Just found the full interview

After a night at the fabled Playboy Mansion involving Frank Shamrock commentating, bunnies in the press booth, a star-studded audience and the announcement of Strikeforce’s signing of Renato “Babalu” Sobral. I had a chance to follow up with Josh Thomson and ask him about his fight, Frank Shamrock and the overall experience of fighting at Hugh Hefner’s house. 

PDG: Let’s talk about your victory last night.
Josh: It was a good fight but it’s nice to get it over with. I just wanted to get a feeling how the fight was going to be at the beginning. I came out with a different game plan for this fight. I wanted to stay to the outside but Adam Lynn punched straight into the clinch. I wanted to see how his strength was going to be but it turned out to be a boring fight until the knockout.

PDG: So would you say the fight went as you planned?
Josh: Yes once we got to the clinch I wanted to get the takedown. When I got the takedown he was trying to standup right away and that showed me that he had no interest in being on the ground. So I worked the legs and the body quite a bit. That enabled me to set up the knockout. 

PDG: Before the fight I talked to you and you said that your only concern about facing Adam was that he was used to fighting heavier lightweights. Did he seem to be stronger?
Josh: It was fine as I am used to grappling in training with Jon Fitch and Josh Koscheck who are very strong for their weight. I was still just trying to get a feeling for his strength. 

PDG: Well congratulations on the victory. How was the rest of the event and atmosphere?
Josh: Laughs….it was good. I didn’t get done with my fight until late and after all the post-fight interviews were done. It was about 12:30am PST when I got to socialize with the guests. By then it was about time to go.

PDG: Did you get a chance to see any of the other fights on the card?
Josh: I got to see the Gilbert Melendez fight but I missed the Eugene Jackson one. I thought that Gilbert fought a good smart fight after a long time off. After he knocked off the rust he dominated the fight. He did what he needed to do.

PDG: Last night during the broadcast on Yahoo sports, Frank Shamrock was commentating. When you entered the ring Frank said that you were “The first openly gay fighter in mixed martial arts”.
Josh: Yea I know I have been hearing about that. I think that my agent is in the process of hiring a lawyer to file a lawsuit against Frank for slander. We’ll see how that goes.

PDG: Well the two of you have gone back forth recently with the taunts. What lead to the dislike between the two of you? 
Josh: Really it is the fact that he left our gym and the American Kickboxing Academy fighters didn’t go with Frank. So he got all butt-hurt about the situation. So he started taking credit for all the AKA fighters. Saying we were all trained by him when in fact we were not. Frank likes to think that he trained me and Mike Swick and all the other guys. He never rolled or worked with any of us guys.
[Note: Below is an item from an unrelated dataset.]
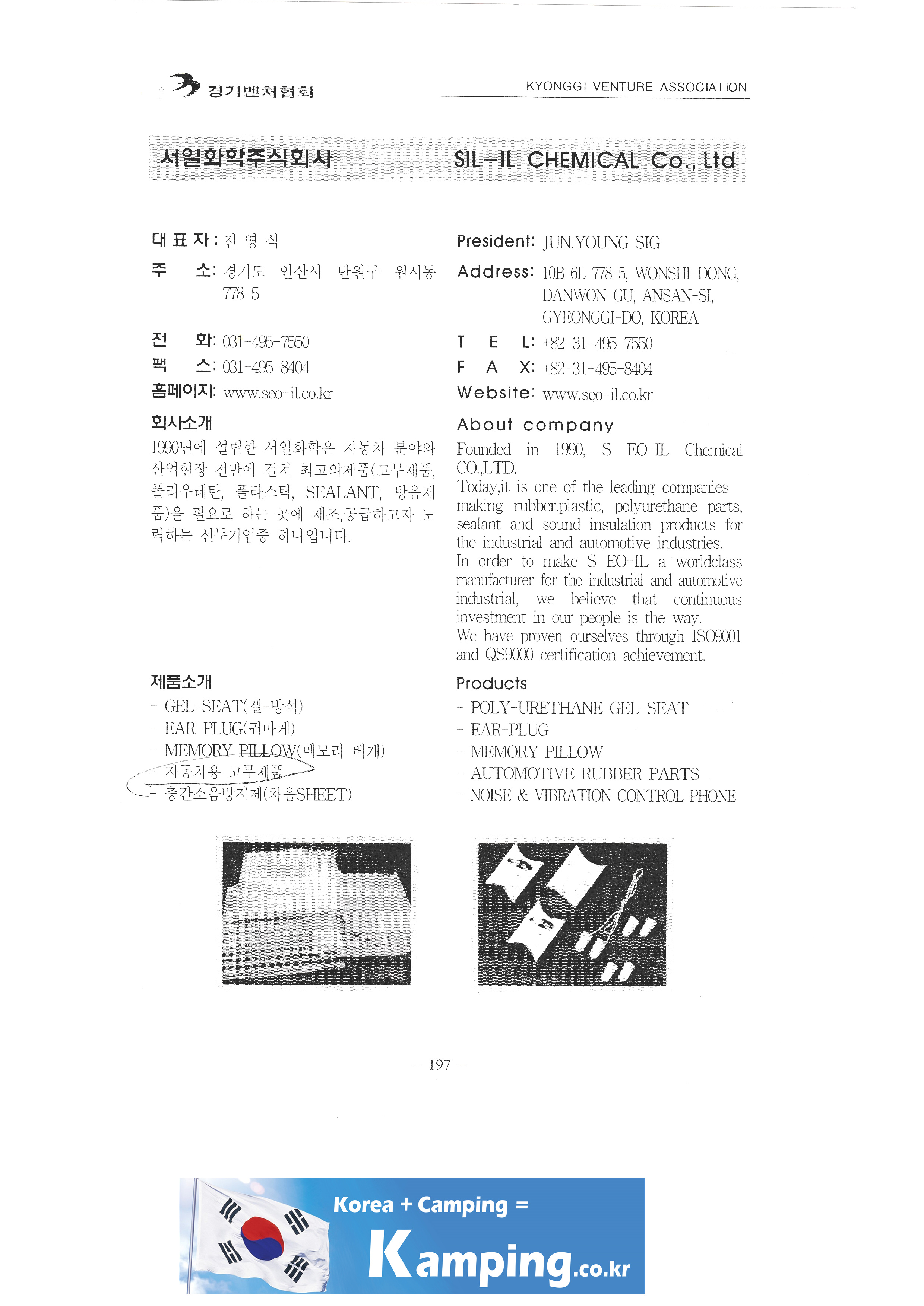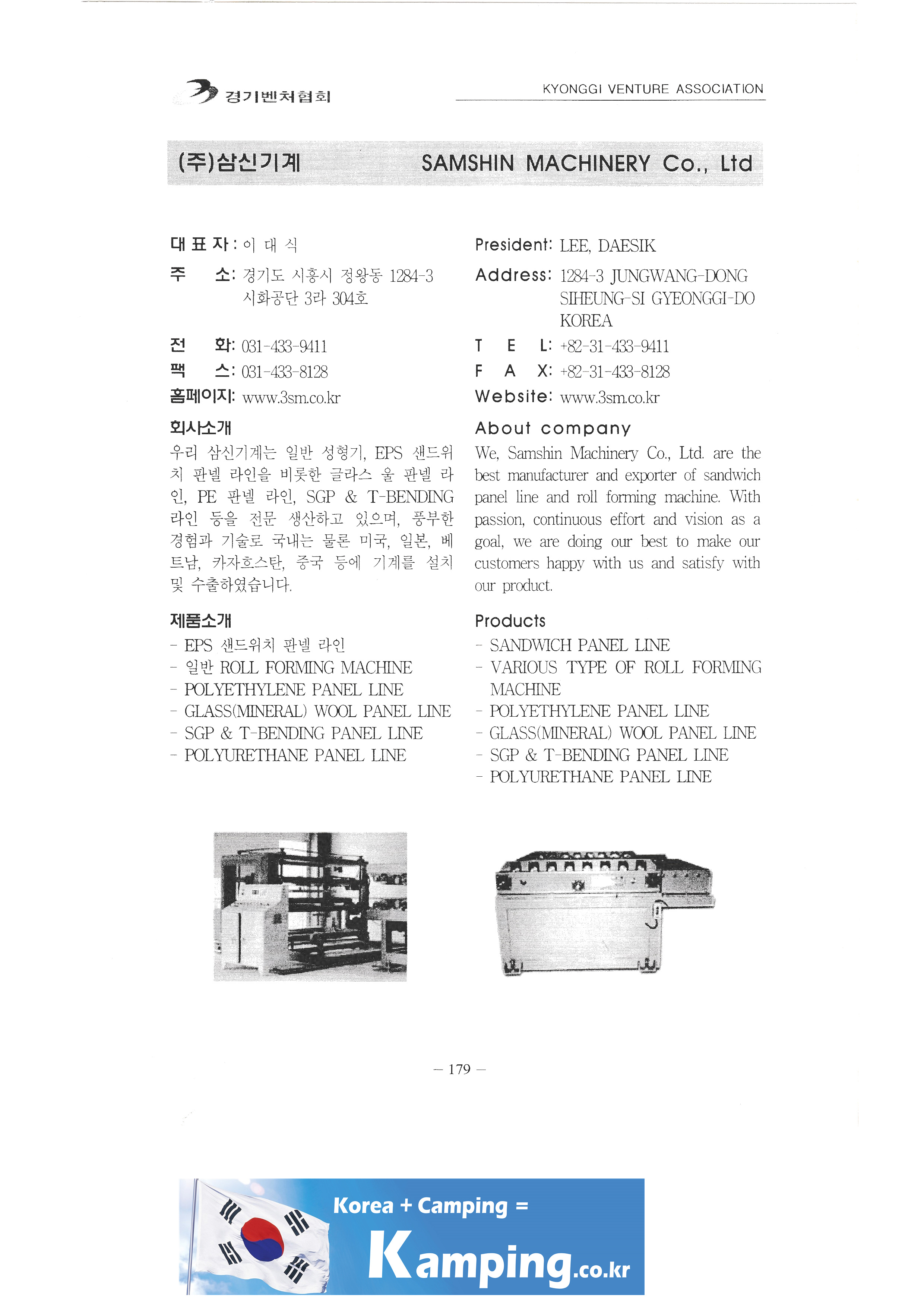 | 반도산업㈜ ㈜반디플렉스 국제산업기술연구소 ㈜발명가 배혜정 누룩도가 뱅크이십오주식회사 ㈜범양유니콜드 ㈜베스트원 보리스전장 보원경금속㈜ ㈜브이씨코리아 비룡전자 주식회사 비앤피 사이언스 비에체솔루션㈜ 주식회사 비올 디벨로퍼즈 빛샘전자주식회사 ㈜사운드테크엔터프라이즈 삼건베리클㈜ ㈜삼광시스템 주식회사 삼명테크 ㈜삼 보 ㈜삼성의료설비 ㈜삼신기계 ㈜삼신기전 삼신이노텍 주식회사 ㈜삼영유니텍 ㈜삼영합성공업 삼은산업사 주식회사 삼진 엘앤디 ㈜삼원 코브라 주식회사 상신 상신엔지니어링㈜ 상전특장 ㈜새암소프트 ㈜새한 서강데칼 서경 브레이징 ㈜서울정기 ㈜서울제약 서울화학 서일화학주식회사 |

My trainer Javier brought him in to spar with me, which is no different than Gilbert Melendez coming in to spar with me. He came in and worked with me a couple days a week…….that doesn’t mean he is my coach. He was my training partner. If frank wants to take credit for that then he is barking up the wrong tree. He was never my coach.

PDG: I have to be unbiased. If memory serves me right didn’t you wear a shirt to the ring in a past fight that was an insult to Frank?
Josh: Laughs….Yea all of that came about after he left our gym and started making videos on YouTube about Phil “NY Badass” Baroni. I had commented on a couple of forums saying that I would give the advantage to Phil if he fought Frank. I wasn’t talking shit it was just that Phil had fought a higher level of competition recently than Frank had. After that his videos were posted making fun of me and Phil. That is how all of this started. Before that I never had anything against Frank.
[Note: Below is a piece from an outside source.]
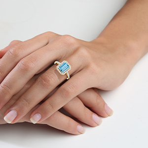 Thanks to its subtle blue hue, an aquamarine ring will pair well with outfits in white, light pink and peach as well as light, medium and dark blue. When it comes to styling, solitaire and classic rings are perfect to flaunt during the day or with your work ensemble. Want to glam up your look for evenings and special occasions? You can choose sparkly aquamarine and diamond halo rings. And to stay on-trend wherever you go, pick contemporary styles, initial rings or gorgeous stackable aquamarine rings that you can pair with other pieces in your collection.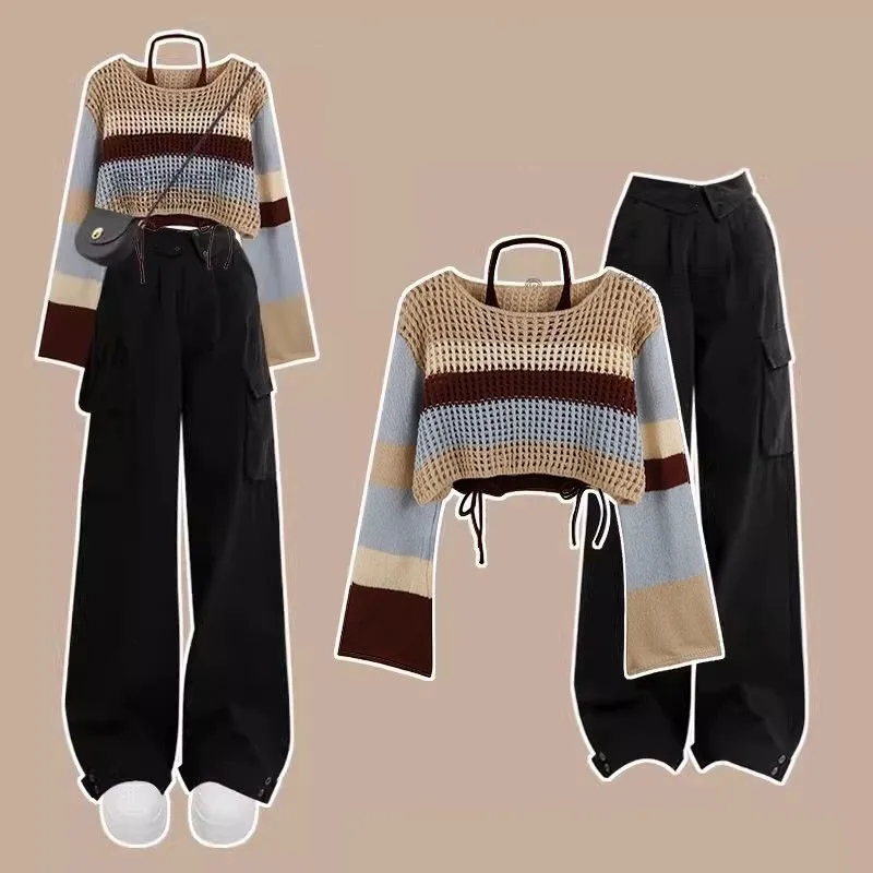 Women’s Spring Vintage Hollow Stripe Long Sleeved Knitwear+Strap+Cargo Pants Suit Korean Elegant Sweater Trousers Matching Set

PDG: Alright then let’s get back to the cage. How do you feel about Strikeforce’s new acquisition; Renato “Babalu” Sobral?
Josh: I think that it is great and that the UFC did us a favor. Strikeforce acquired one of the UFC’s best light heavyweights and he’ll be great for us. 
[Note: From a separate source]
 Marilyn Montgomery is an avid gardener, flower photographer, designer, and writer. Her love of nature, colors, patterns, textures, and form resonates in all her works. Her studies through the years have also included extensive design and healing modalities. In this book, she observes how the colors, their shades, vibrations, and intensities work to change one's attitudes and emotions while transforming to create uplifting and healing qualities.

PDG: Thanks once again for your time Josh and congrats on the victory last night.
Josh: I just wanted to say thanks for all the support out there and it was a pleasure to fight last night at the Playboy Mansion.

----------


## sphincter

ghey.. taking some shit talking into litigation = teh sux

----------


## abombing

I watched the fights. I couldn't believe he said that. He didn't say just kidding afterwards or anything. His ass should get sued.

----------